Karl Robinson had a mixed day on Saturday. His starting line-up left much to be desired – the inclusion of Jon Otsemobor, to play out of position at centre-back, certainly precipitated a sinking feeling in me when the starting line-ups were read out.
Otsemobor, reluctant to prove me wrong, gifted Preston a goal in the first-half, dithering on the ball, before attempting a back pass which rolled into the path of North End striker Joe Garner, presenting him with a gift-wrapped goal.
Robinson’s decision to retain the services of Otsemobor for this season both confused and infuriated me at the same time, and continues to do so now. Otsemobor was consistently lacklustre in the second half of last season, and was the first name I thought of when Robinson made (what transpired to be idle) threats to sift out the dead wood during the off-season.
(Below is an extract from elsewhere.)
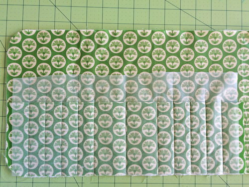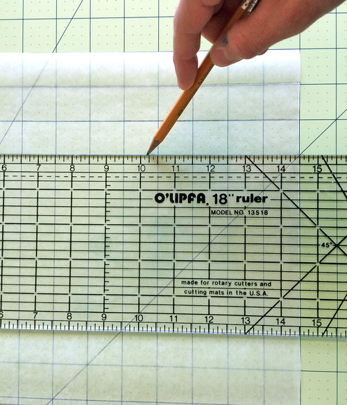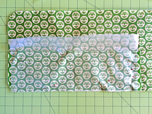 - Pin the marked wax paper securely over the top of the pocket panel. The paper should be centered side to side, which means there will be ¼” of fabric extending beyond the paper on each side.

I am reluctant to compile a hatchet job on any MK Dons player, but Otsemobor leaves much to be desired, not just in his performances, but in his seemingly casual, apathetic approach to the game. He will not win many loose balls – he often fails to even challenge for them – and he seems reluctant to move at anything much above a light jog. There is only so far you can get on one goal, even if it was a last-minute winner against a certain team from South-West London.
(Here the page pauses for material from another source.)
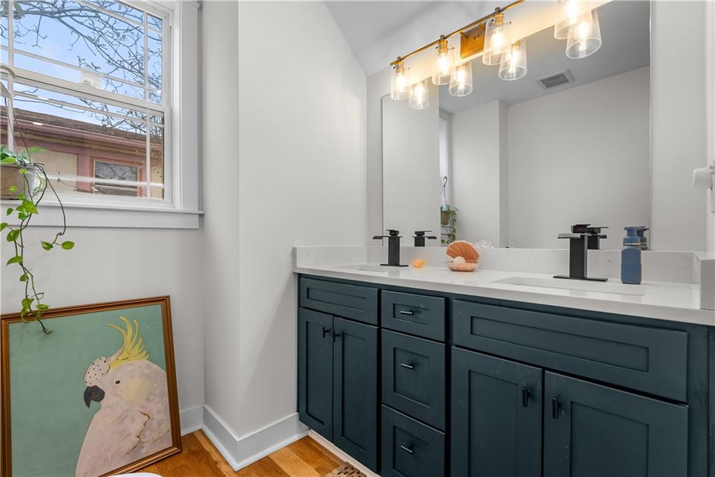Welcome home to one of the most sought out neighborhoods walking distance to the 39th street district and recently completely renovated. Original character still intact with stunning blond refinished hardwood floors throughout, brick accents from original brick walls, and open kitchen with all the bells and whistles. Corner lot with plenty of room to build a garage or a pad for off street parking. Luxury bathrooms with designer tile choices and double vanities. Two primary en suites options. Flex office space that lofts up to a huge primary suite on the third floor with separate hvac system and large walk in shower. Big deck for entertaining. Rare walk in pantry for extra space. Built in bar with a double fireplace experience. Laundry room on the second level. Front porch for enjoying the area. Updated electrical throughout and newer roof. Seller is giving a credit to the buyer to bring back a parking pad off street.

Further forward, too, the Dons’ starting eleven on Saturday was questionable, lacking the necessary experience for a tough away game against formidable opponents. Luke Chadwick was left on the bench, while George Baldock, Dele Alli and Jason Banton all retained their places – three players with a combined age that would fail to qualify for a state pension. All three impressed the previous week at home to Crewe Alexandra, but different games present different challenges and what has succeeded one week may not have the correct ingredients to excel the next. Robinson may be keen to put Alli in the shop window – the Dons are a selling club, and the likes of Arsenal and Liverpool are said to be keeping tabs on the young midfielder – but his priority needs to be putting out the team with the best chance of winning the game, regardless of age or market value. Alli may be worth more money to the club than Luke Chadwick, but right now Chadwick is probably worth more points.
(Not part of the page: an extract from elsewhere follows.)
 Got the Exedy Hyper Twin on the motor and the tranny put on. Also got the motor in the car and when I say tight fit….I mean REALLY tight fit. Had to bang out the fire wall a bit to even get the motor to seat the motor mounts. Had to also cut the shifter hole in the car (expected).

Still, credit to Robinson, he made a triple substitution early in the second-half (introducing Chadwick, McLeod and new loanee Samir Carruthers) which shifted the momentum of the match, and could very well have seen the Dons leave Deepdale with three points under their belt rather than just one. No manager will get every starting eleven correct, but taking action to correct those mistakes, rather than complacently expecting the eleven players you have fielded to come good, is the sign of a good manager, of an aware tactician. Games last ninety minutes and a manager should be seeking to gain an advantage in every one of those minutes: no match is won or lost at the first whistle.